At presents, many of our teachers are not just unqualified and untrained; they are overburdened with their work loads of teaching, or rather dictating “sacred” class notes to be memorized by passive learners. There is no place for any interactive and reflective learning like group discussion, project work, library tour, field work, presentation, demonstration, exhibition, open dialogue, role play, mock interview, poster workshop, budding reading, oral history project, etc. Though I graduated with a research degree in historical studies from Jawaharlal Nehru University, I still remember how I hated reading history when I was a high school student in Manipur. The history textbooks for class IX and X we read were unimaginative and densely factual narratives. It was a crammer’s paradise. It involved mind-boggling marshalling of chronological facts without a clear historical perspective! Besides the unreadable style and dry language of the text, the delivery method of the history teacher was also faulty. Teachers insisted on rote memorization of only the expected questions for the exams. (This largely applied for other subjects too). No wonder I never appreciated the value of history till I actually read, much later, the works of Romila Thapar and Bipan Chandra during my studies in Shillong.

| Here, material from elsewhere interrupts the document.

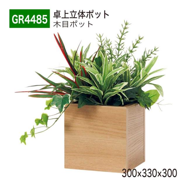 【正規代理店】ベルク グリーンモード GR4485 卓上ポット 立体ポット 木目ポット フェイクグリーン 人工観葉植物 インテリア 屋内用 国産

At present, our education system promotes authoritarianism and patriarchal values. Corporal punishment is still followed in most schools. A good discipline should not turn against, but offer help and counselling, to difficult students. Both the syllabus and pedagogic methods actively discourage critical consciousness and creative thinking. This only perpetuates the status quo. Our ruling class is understandably no fan of critical literacy. Our education system has been manufacturing graduates with little or no critical consciousness, civic competence, innovative ideas and employable skills. We failed to produce enlightened citizens who can appreciate the complexities of living in a multi-ethnic society like ours. In a changing global order, our students are appalling ignorant, for instance, of the rise of China and India. So, we are yet to take advantage of the new opportunities offered by the new investment climate. Our inward-looking worldview and dependency mentality inhabit us from building an open and “intelligent society” which will attract investors! Though we are in the 21st century, we are still clinging to medieval and patriarchal values.

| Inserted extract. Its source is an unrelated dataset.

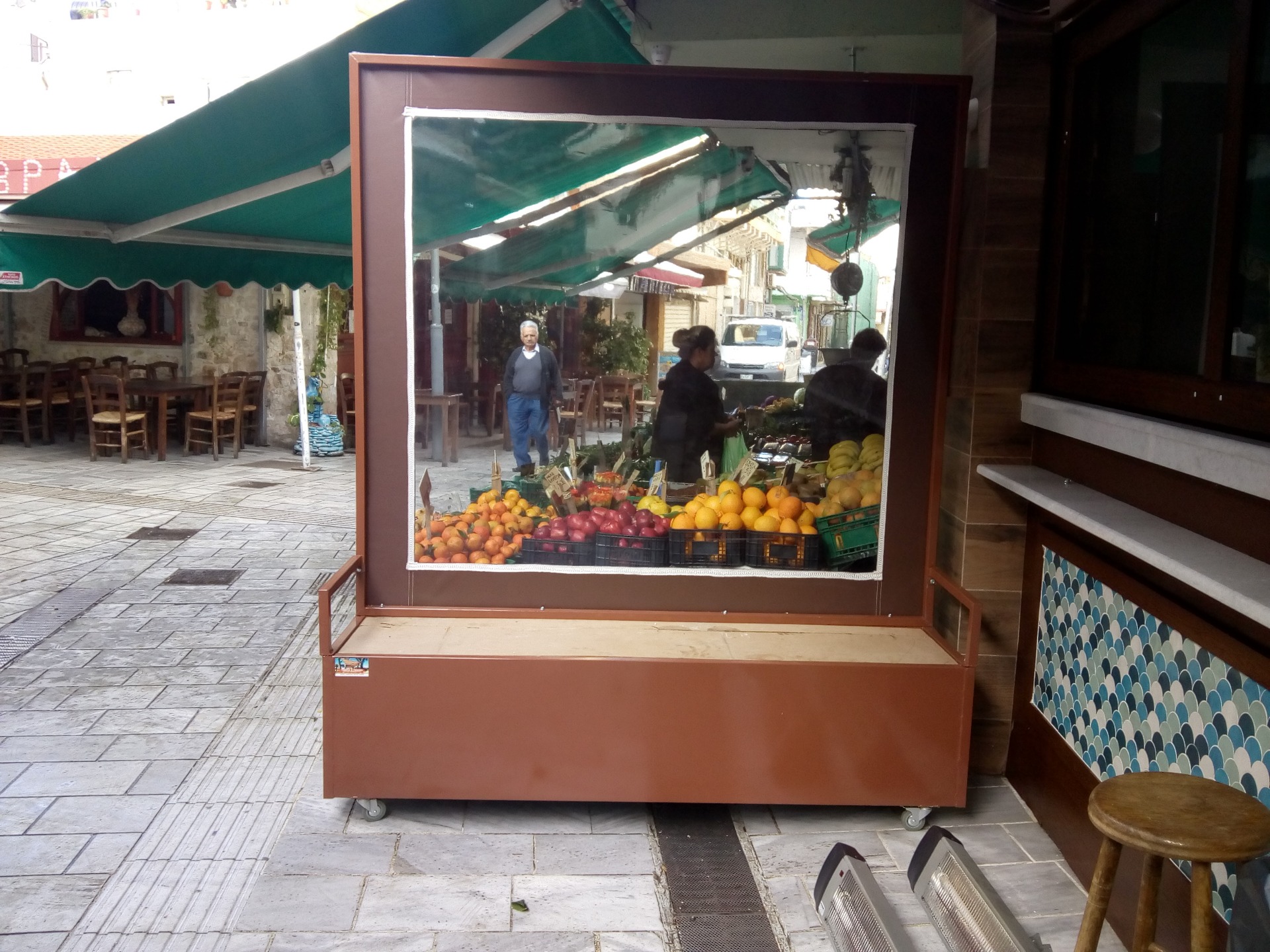 Πόρτες σε κλείσιμο χώρων -καφετέριες-περκολες..μια δική μου προσωπική πατέντα εδώ και χρόνια στο ηράκλειο με μεταλικη κατασκευή με κλειδωνιά και χερούλι ακριβώς όπως η πόρτα του σπιτιού μας ντυμένη με πανί και ζελατίνα για καλύτερο αποτέλεσμα....Υπάρχει η δυνατότητα και με φερμουάρ απάνω στην κάθετη τέντα σας....

In short, we need to do something to our existing system of “banking education”, as Paulo Freire puts it in his classic book, Pedagogy of the Oppressed (1993). Banking education assumes that teachers can deposit facts into the heads of students like a bank deposit which can later be cashed in by the students. In the words of Freire himself, “Banking education treats students as objects of assistance; problem-posing education makes them critical thinkers … Any situation in which some individuals prevent others from engaging in the process of inquiry is one of violence”. We need to start opening our educational system to the most innovative ways of framing syllabus and pedagogic practices. The sooner the better! We need to impart news skills to our youth to meet the challenges facing the world today. It is a high time to give up our exam-oriented and bookish model for a new interactive and critical pedagogy. For this, the first step may be to start identifying and networking our most innovative and enterprising teachers, our “edu-preneurs”. The recent Seminar at JN Manipur Dance Academy, Imphal, was a move in the right direction.